The administration and sale of LDV last week was "done in indecent haste" and has left suppliers out of pocket and in the dark it was claimed yesterday.

The vanmaker's Drews Lane factory in Washwood Heath was idle again yesterday despite a claim by the new owner that production of the award-winning LDV Maxus van would resume this week. "Nothing was moving at all - there was no production going on whatsoever," one source said.

"The only people to be seen were from suppliers who had gone in to do a stock-take of their property. There were very few LDV people to be seen."

Last Friday's £750 milion refinancing of the ailing company was hailed as good news for LDV and its 1,200-strong workforce.

But it has since emerged that 230 jobs are to be axed following the decision by the new owner to suspend production of the older Pilot and Convoy models.

The company stopped production of al three models at the start of the month in order, it said, to "rebalance stocks", complete special orders and upgrade the skills training of some employees.

About 700 manufacturing staff were sent home and the company said it was negotiating a re-financing package to fund the development of Maxus as a mini-bus and chassis-cab vehicle, both of which are important sources of profit.
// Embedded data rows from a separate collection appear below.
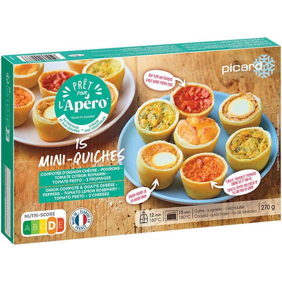 エビの蒸し春巻き200g(8本入、ソース20g)、ムール貝の漁師風400g、5種類のミニキッシュ270g(15個入)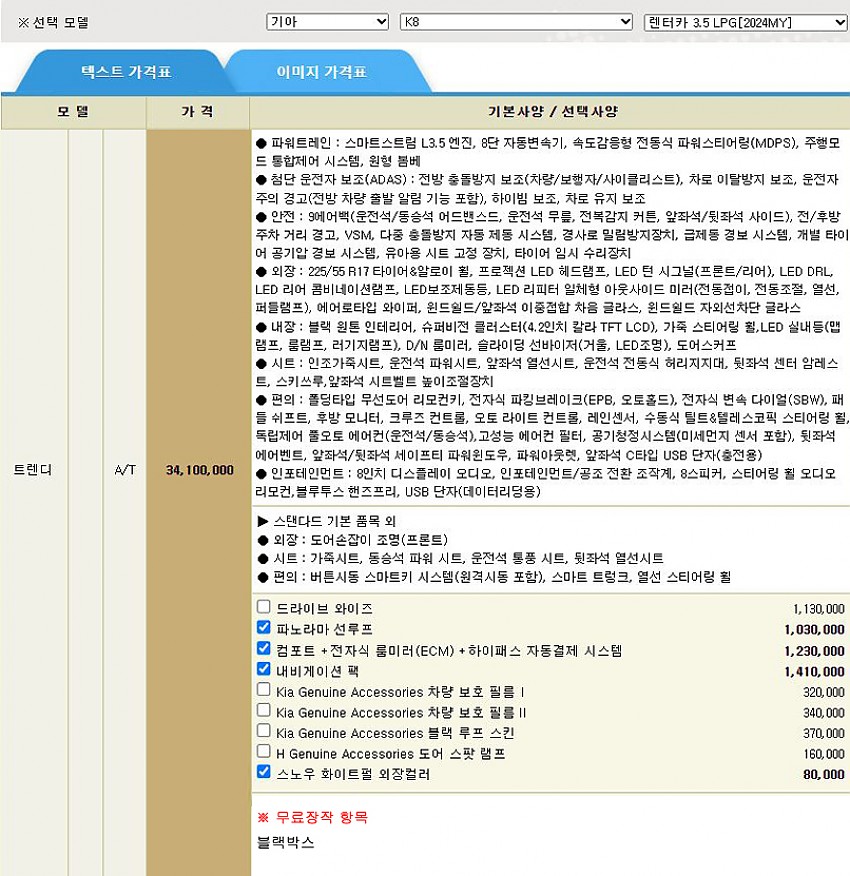 ▶ 차종 및 등급 : 기아 K8 3.5 LPG 트렌디 24MY (렌트카)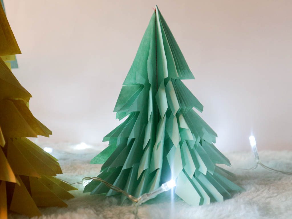 - Dibuja y recorta un triangulo dejando la costura en el medio. Por cada grupo de hojas tendrás 1 árbol.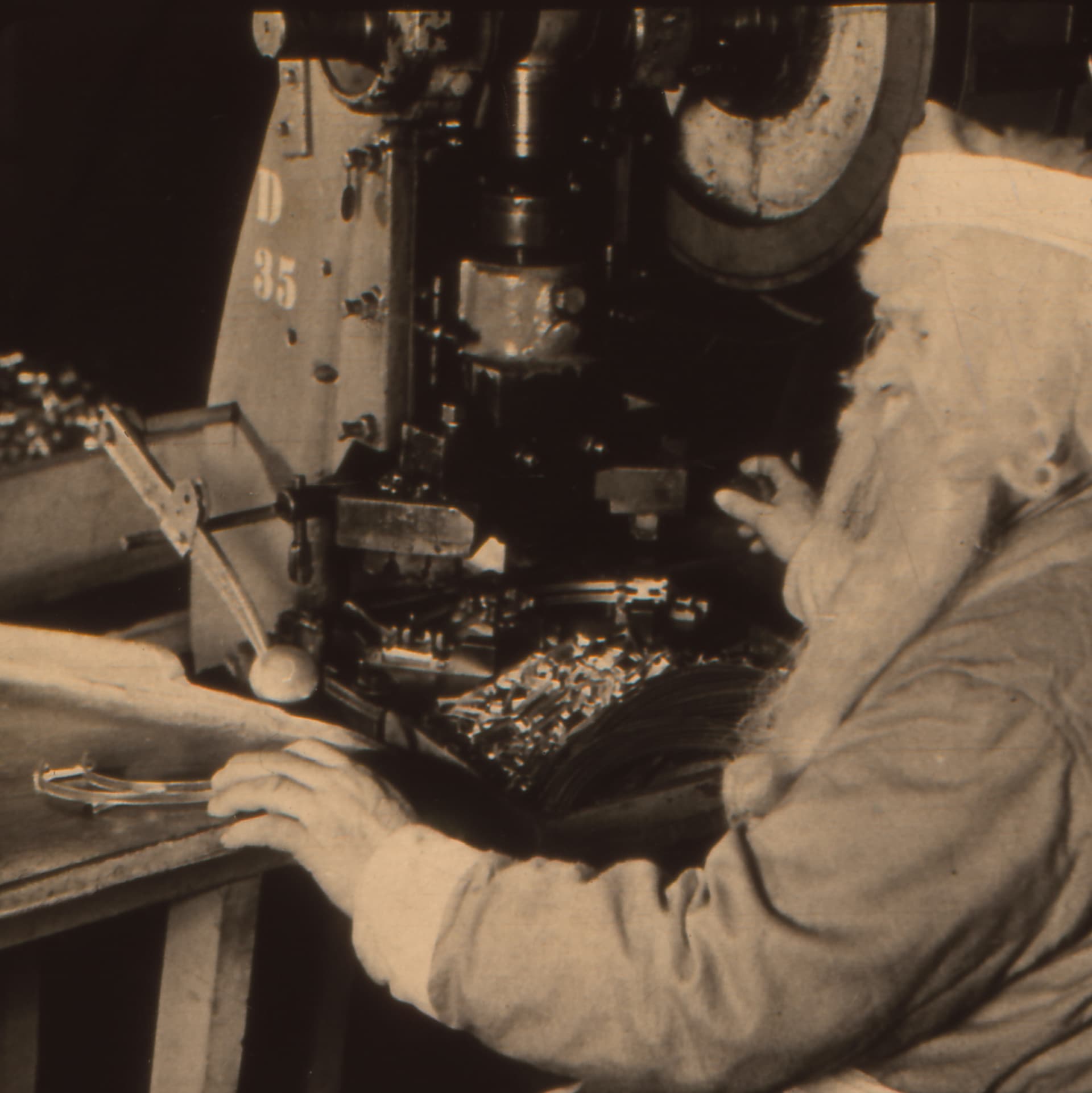 How this particular piece of machinery was used in the manufacture of American Flyer trains is not identified in this image’s caption. (In the background, at top center, two factory employees can be seen watching the photo shoot going on.)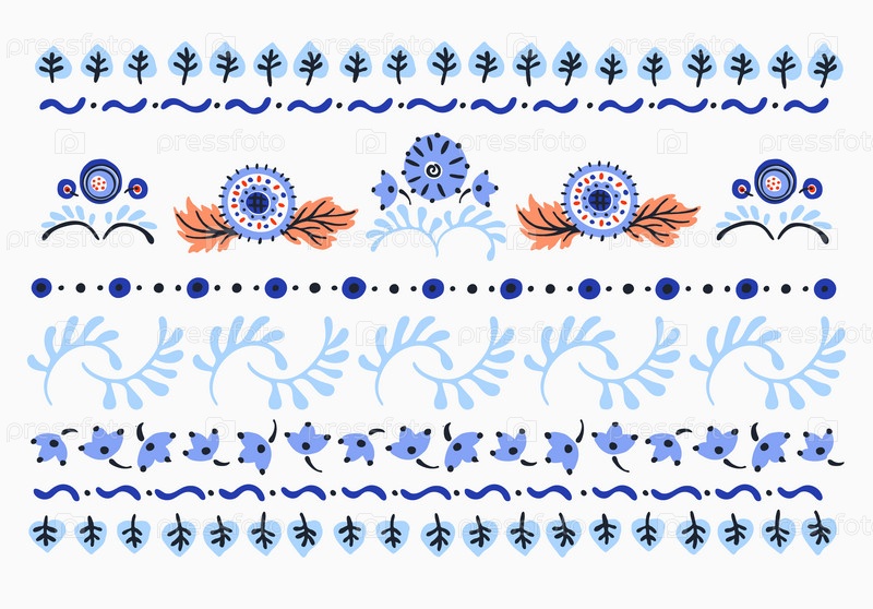 Набор этнических элементов. Бордюр представляет собой полосу с цветами, листьями, ветками, вензелями. Народная вышивка. Славянский, украинский, русский мотив. Хохлома, матрешка, дымковская игрушка. Мексиканский, индийский, цыганский ковер. Вязаное кружево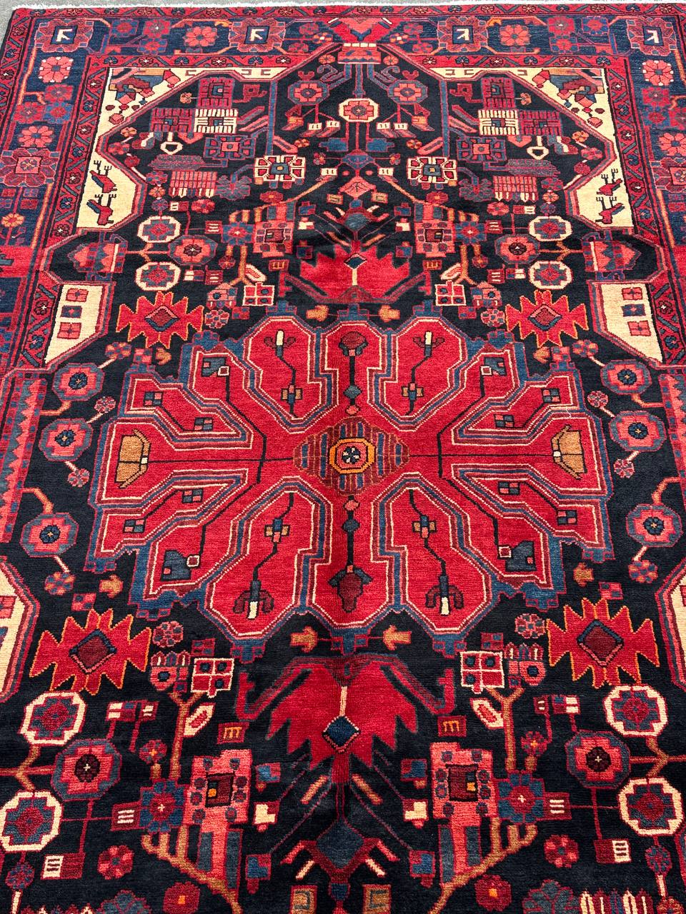 – Rare Tribal Beauty: Discover the rare tribal beauty of this room-size hand-knotted Nahavand rug. A challenging find, this piece showcases pure hand-spun wool pile on a cotton base, featuring a deep tone dyed using traditional methods.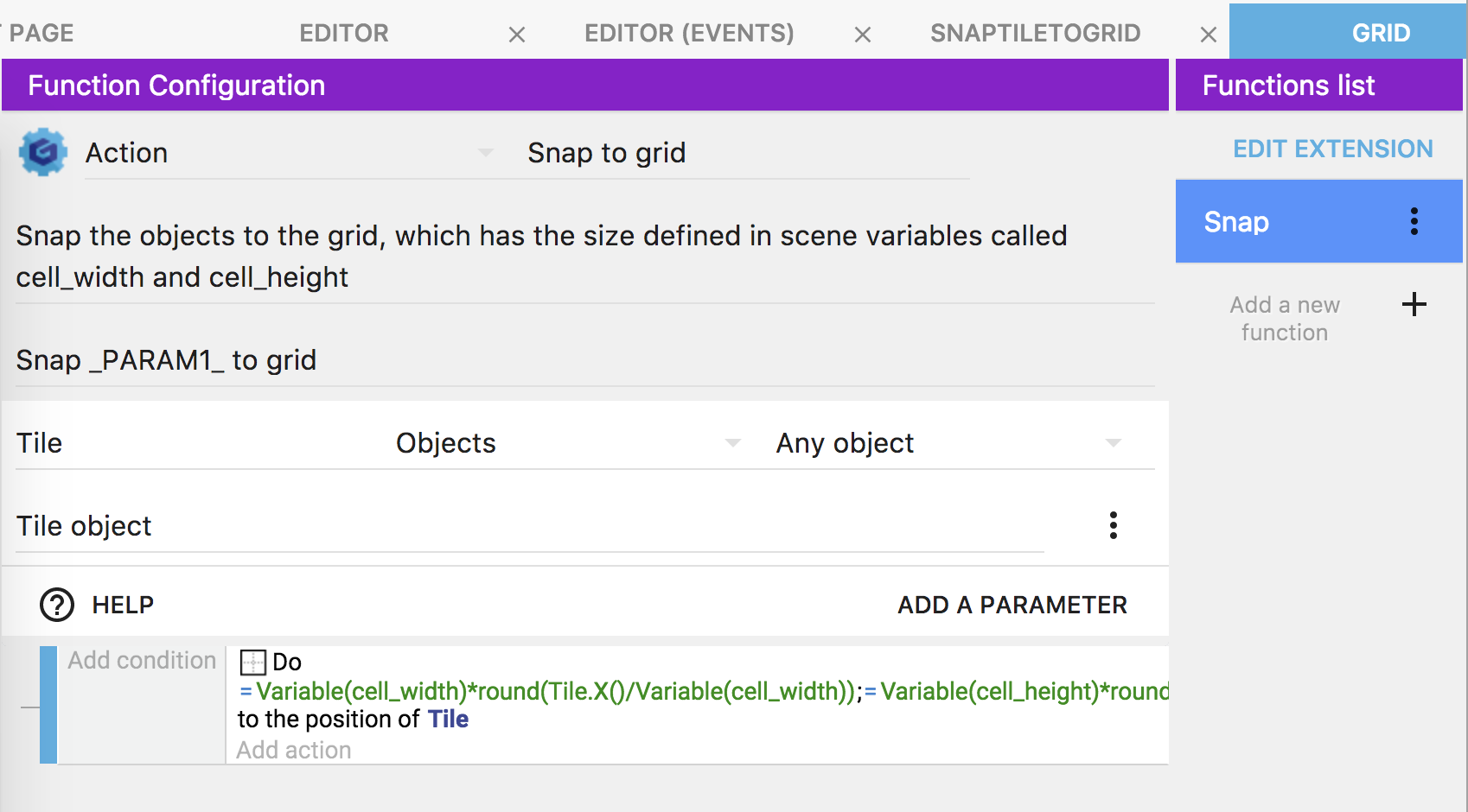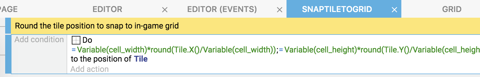 The advantage is that you can now use this new action to snap any object to the grid. You could even extract it and reuse it in another game!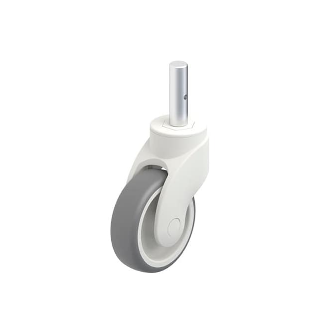 Rueda giratoria de material sintético, color blanco grisáceo, con espiga, rueda, con banda de rodadura de goma termoplástica, con núcleo de polipropileno

But it emerged that LDV's cost base had risen significantly following the launch of the more sophisticated Maxus at the start of the year.

But revenues did not rise at the same rate and the company hit a severe cash-flow crisis that resulted in its bank accounts being frozen and suppliers going unpaid.

Last Friday saw the company go through a fast-track administration process followed by the sale of the business to American private equity group Sun Capital Partners.

Sun holds the majority stake of the new company, called LDV Group Limited, with existing backer European Acquisition Capital taking a minority stake.

One LDV supplier, AE Harris, the Hockley engineering company run by Russell Luckcock, has not been paid for two months and is currently owed about £50,000.

"In my 50 years' experience I have never known a deal like this done with such indecent haste," Mr Luck-cock said yesterday.

VM Motori, the Italian supplier of engines to Maxus, and Dana, which provides axles, are believed to be owed large amounts of money but neither company could be contacted for comment.

Another company thought to be affected by events is Stadco, the vehicle pressings specialist which has a joint venture with LDV that supplies body panels for the Maxus.

A spokesman for Stadco said yesterday: "The position is that the company is waiting to see how things settle down and will not comment further until the New Year."

Attempts by business support groups to establish when production will start up again at Drews Lane - some suggested January 2 as a possible date - were believed to have been hampered by the fact that key managers had gone on holiday.

EEF West Midlands, the engineering employers' group, said some of its members have been "left in the dark" and out of pocket by LDV. "Our member companies have been rightly concerned about how and when they will be paid by LDV," EEF regional chief executive Ian Smith said. "Many are substantially out of pocket and concerned that there has been silence on the issue. We fully sympathise with the short-term problems LDV have been facing, but their suppliers will face similar problems unless payment is forthcoming."

Regional development agency Advantage West Midlands, which played a big part in mitigating the economic impact of the collapse of MG Rover, was also in the dark last night. "We are pulling out all the stops to find out the situation in terms of the LDV supply chain so we can look at what we can do, if anything, to help," an AWM spokesman said.